In the example above 10.1.251.2 has a higher bandwidth.
The config would be:
Ip route 0.0.0.0/0 10.1.251.2 (leave administrative distance as default, 1)
Ip route 0.0.0.0/0 10.1.252.2 distance 10 (set the administrative distance to 10)
Scalability Issues
Working with static routes is okay for smaller more simple networks, but for an organisation with hundreds or thousands of subnets, static routing is not an efficient way to manage routing. Everything is manual with no dynamic failover. And human factor is a big thing, if you make a mistake configuring the routes you can take down the network!
Dynamic routing protocols are far more scalable handling thousands or even millions of routes across routing devices. They can automatically failover to alternate paths with little to no downtime.
Routing Protocols
Interior and Exterior Gateway Protocols
An Autonomous System (AS) is a collection of routers under a common administrative domain. EG: your Internet Service Provider (ISP) owns its own internal network, they have autonomy over the system, it is their AS.
Interior Gateway Protocol
To route packets inside an AS, each company uses an Interior Gateway Protocol (IGP). Examples of IGP:
- RIP: Routing Information Protocol
- IS-IS: Intermediate System – Intermediate System
- OSPF: open Shortest Path First
Exterior Gateway Protocol (EGP)
To route traffic from their internal AS to the internet network, companies use EGP. The only EGP currently used is:
- BGP: Border Gateway Protocol
Distance Vector Routing Protocols
In this method the router advertises its distance from each network and the direction the packets must travel to get to that network.
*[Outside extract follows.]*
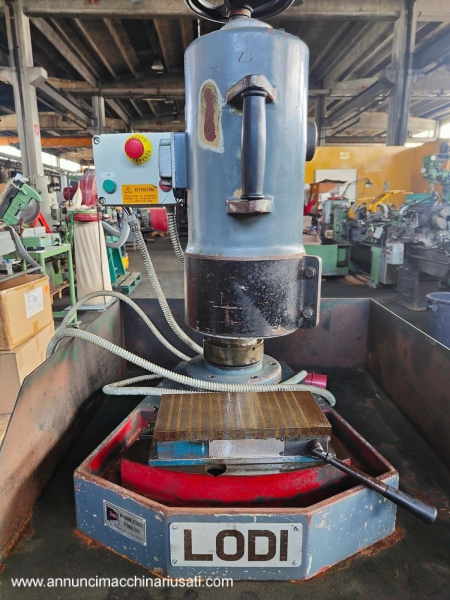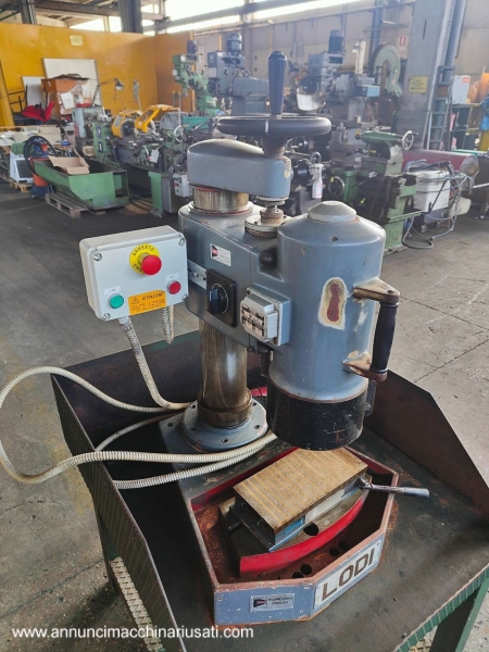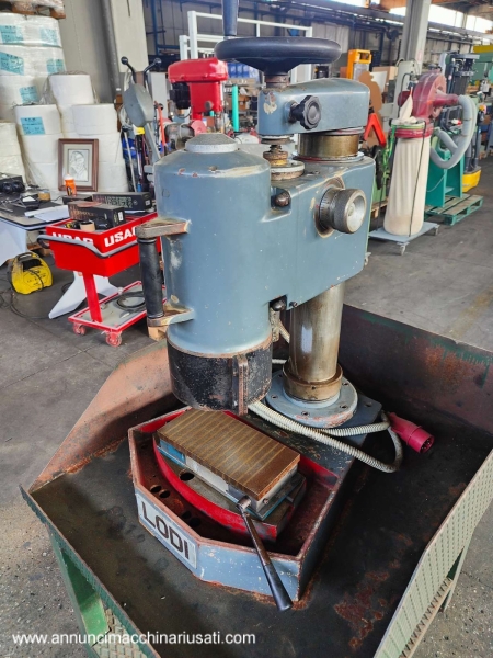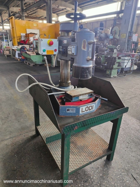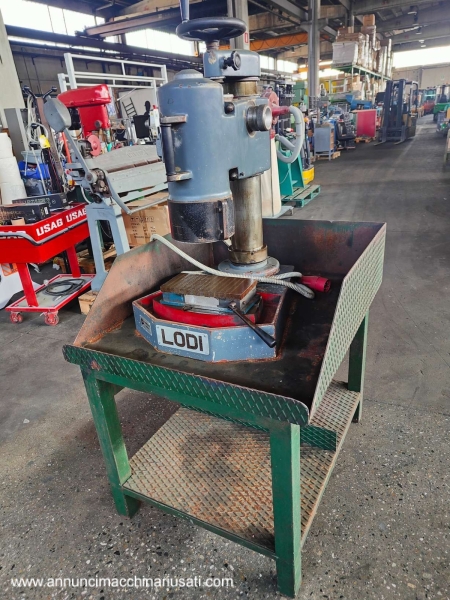 VISIBLE IN RIVOLI (TO) For sale: Lodi brand benchtop cup grinder/surface grinder, complete with worktop. 180° cup grinder; 380V power supply. Grinder dimensions: 60x70xH90 cm; overall dimensions: approx. 81x97xH160 cm. Asking price: €800.00 plus VAT

RIP used this method and measured in “Hop Count”.
Distance Vector RIP routers are not aware of the entire network topology, they only know their directly connected routing peers. Distance Vector protocols include:
- RIP
- RIPv2
- RIPng (next generation)
AOS-CX does not support any Distance Vector protocols due to the lack of security, performance and limited scalability.
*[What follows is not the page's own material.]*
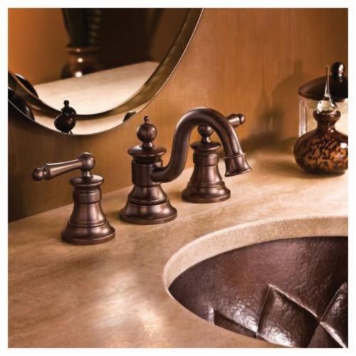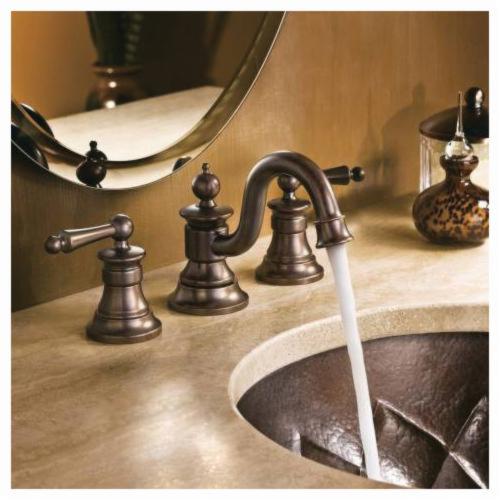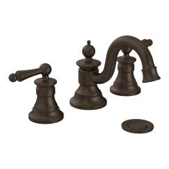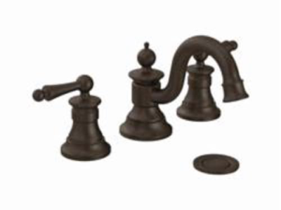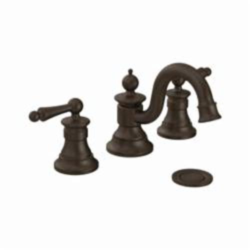 Moen® Widespread Bathroom Faucet, Weymouth™ Collection, 1.2 to 1.5 gpm Flow Rate, 8 to 16 in Center Distance, Rotating Spout, 5-3/4 in Spout Reach, 3-7/32 in Spout Height, Lever Handle, 2 Handles, Pop-Up Drain, 3 Faucet Holes, 1/2 in Connection, IPS Connection, 1-1/4 in Maximum Deck Thickness, Deck Mounting, 1224 Ceramic Disc Cartridge, 13.88 in W x 5.75 in D x 5.78 in H Dimensions, Metal, Oil Rubbed Bronze, Domestic

Link State Routing Protocols
Routers that run Link State routing protocols possess information about the complete network topology. This allows them to independently calculate their routing table using the Dijkstra algorithm to select the best path for each destination. These protocols have much faster convergence times and are more scalable then Distance Vector protocols. Link State protocols include:
- OSPFv2: for IPv4
- OSPFv3: for IPv6
- IS-IS: this is far less common than OSPF